The statistical methods available for identifying differences in isoforms in an RNA-seq experiment [e.g. MISO (Katz et al., 2010), FDM (Singh et al., 2011), Chi-Square test in Howard and Heber (2010)] have focused on changes in the proportion of gene-specific reads assigned to an isoform, so-called differential transcription (DT) or differential splicing (DS). These methods do not consider changes in overall expression levels and are therefore not appropriate for identifying DE isoforms. For example, consider a gene with two isoforms: the first with average counts 500 and 1500 in conditions 1 and 2, respectively, the second with average counts 1000 and 3000 in the two conditions, respectively. These isoforms would not be DT or DS, given that the proportion of total reads assigned to each isoform is unchanged across conditions (1/3 for isoform 1 and 2/3 for isoform 2), but the isoforms would likely be called DE, given there is a 3-fold increase in expression in the second condition. When isoform-level DE calls are required, count-based methods developed for identifying DE genes are often applied directly to estimates of isoform expression (Sandmann et al., 2011). Doing so is not optimal.

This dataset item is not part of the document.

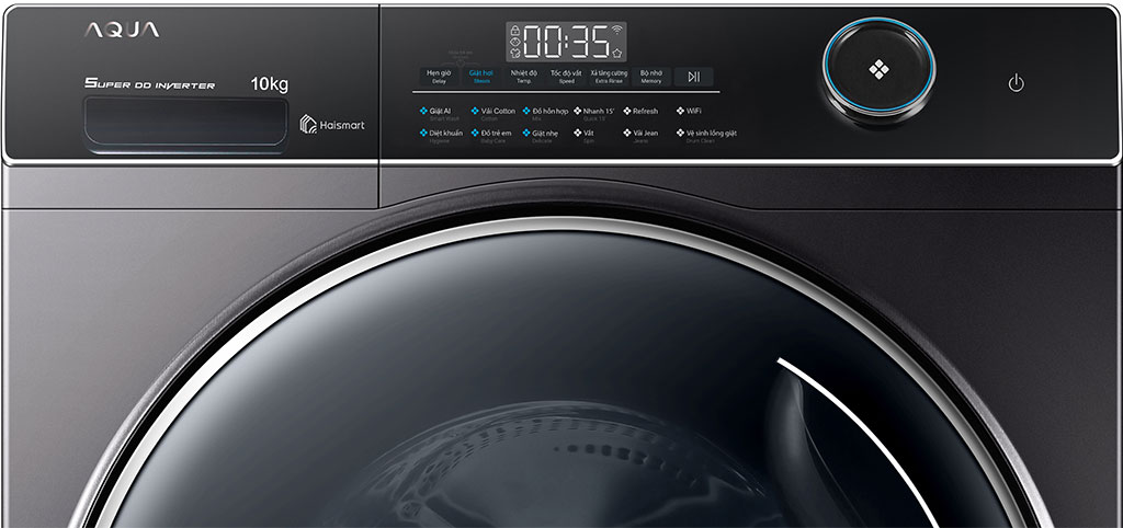 – Kết nối Wi-Fi qua ứng dụng Haismart: Cho phép bạn điều khiển máy giặt từ xa, hẹn giờ giặt hoặc theo dõi tình trạng giặt giũ qua điện thoại một cách dễ dàng.

The main problem is that count-based methods expect counts, or more specifically, an integer summary of reads mapping to a gene’s constituent exons, and they were not designed to accommodate the differential uncertainty induced by isoform expression estimation. In short, prior to isoform DE inference, each isoform’s expression must be estimated from aligned reads. For genes with a single isoform, this problem is rather straightforward in that all reads mapping to that gene are used to estimate that isoforms’ expression. For genes with multiple isoforms, isoform expression estimation is more difficult, as reads mapping to exons common to multiple isoforms must be allocated in a way consistent with each isoform’s expression level, which is the very quantity being estimated. There are a number of methods available for estimating isoform expression [RSEM (Li and Dewey, 2011), RSeq (Jiang and Wing, 2009), IsoEM (Nicolae et al., 2010), Cufflinks (Trapnell et al., 2012) and IQSeq (Du et al., 2012)]. Whatever method used, due to the increased difficulty inherent in estimating isoform expression for isoforms with common constitutive exons, there are varying levels of uncertainty in isoform expression estimates (see Fig. 1). Most approaches for identifying DE in an RNA-seq experiment focus on genes [DESeq (Anders and Huber, 2010), edgeR (Robinson and Smyth, 2007), baySeq (Hardcastle and Kelly, 2010), BBSeq (Zhou et al., 2011)], and do not accommodate this differential uncertainty. Consequently, they are not appropriate for identifying DE isoforms. Another recently developed approach [DEXSeq (Anders et al., 2012)] may be used for identifying DE exons, but does not provide information on which associated isoforms are DE.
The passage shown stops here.